O maestro tocou sem parar por quase duas horas. Para mim, pareciam dois minutos, pois o tempo havia sumido, dissipando-se no enlevo sublime da mais pura emoção. De repente, o compositor parou de tocar. Ficou sério, olhando um ponto distante, como se estivesse em transe. Minutos depois, curvou-se sobre o teclado e encostou a testa sobre o móvel do piano. Pôs-se a dedilhar um arpejo, lentamente. Repetiu-o algumas vezes, até que dele brotasse uma melodia simples, composta de notas repetidas, sempre três vezes.
Eu jamais havia presenciado um momento como aquele. Percebi que havia uma atmosfera diferente no ambiente, um cheiro intenso de rosas e uma coloração diáfana em torno do compositor. Beethoven estava compondo! Quando o percebi, fui tomada de uma grande emoção, pois presenciava o momento mais sagrado da vida do artista, no qual as correntes de inspiração penetram-lhe a alma, possuindo-o por completo.

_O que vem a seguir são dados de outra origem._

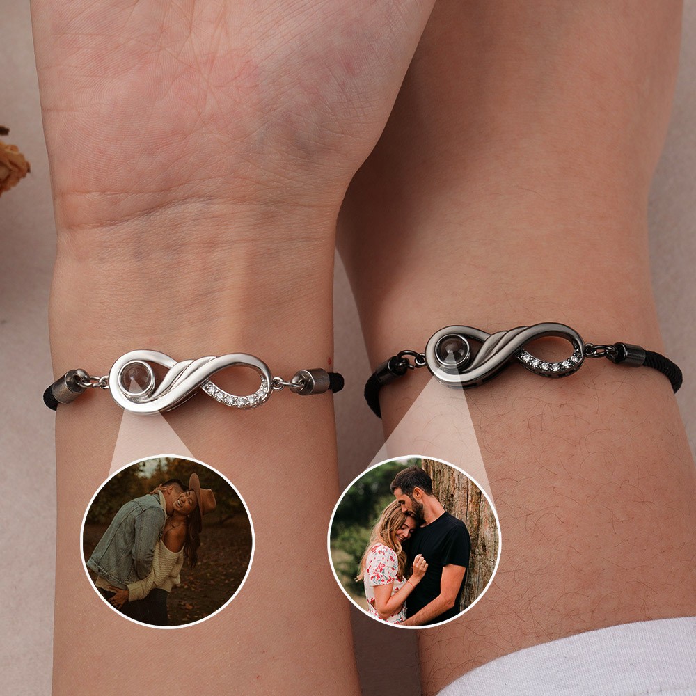 Personalised Couple Infinite Shaped Projection Bracelet With Magnetic Heart Charm Keepsake Gift For Couple Soulmate

O que saía de seus dedos era uma música simples, formada por um acompanhamento em arpejos, como de uma harpa, seguido pela entrada de uma única nota solitária, como o coração de quem anseia pelo amor. Repetida sempre três vezes, como um eco profundo e silencioso, essa nota ressoava a voz recôndita da alma, como uma cantilena interior, ao mesmo tempo repleta e carente, alegre e tristonha, suave e árida, sensível e fria.
Lágrimas brotaram em meus olhos e escorreram silenciosas
por minha face. Eu mal
podia respirar tamanha era minha emoção diante do que eu via e
ouvia.
De repente, o compositor começou a apalpar os bolsos
com a mão direita, enquanto prosseguia a tocar com a outra. Imediatamente,
percebi que precisava de papel de música. Como fiel ajudante, apressei-me
em buscar uma folha pautada e um lápis, os
quais depositei sobre o piano. Beethoven pegou o papel e pôs-se a escrever
as notas da melodia, com uma caligrafia quase ilegível, certamente apenas
por ele mesmo decifrável.
Logo encheu todo o papel, escrevendo com incrível rapidez, como se envolto por um transe místico profundo.

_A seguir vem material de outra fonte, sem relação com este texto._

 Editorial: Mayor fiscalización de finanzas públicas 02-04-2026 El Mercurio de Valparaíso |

Terminada a obra, o compositor ficou sentado ao piano, quieto
e calado. O silêncio da tarde tornou-se audível e, pela primeira
vez em minha vida, pude ouvir o silêncio, um som sibilante e sutil, como
o de um vento longínquo que nos traz a recordação de
um tempo que desconhecemos — o tempo do eterno agora.
Não sei quanto tempo ficamos ali, parados, ouvindo o silêncio. Apenas sei que, de repente, o compositor levantou-se, dirigiu-se até o vestíbulo, vestiu seu casaco e cartola e partiu sem nada dizer. Mas o que mais haveria para se dizer?
Lá fora, anoitecia e a lua cheia nascia no horizonte.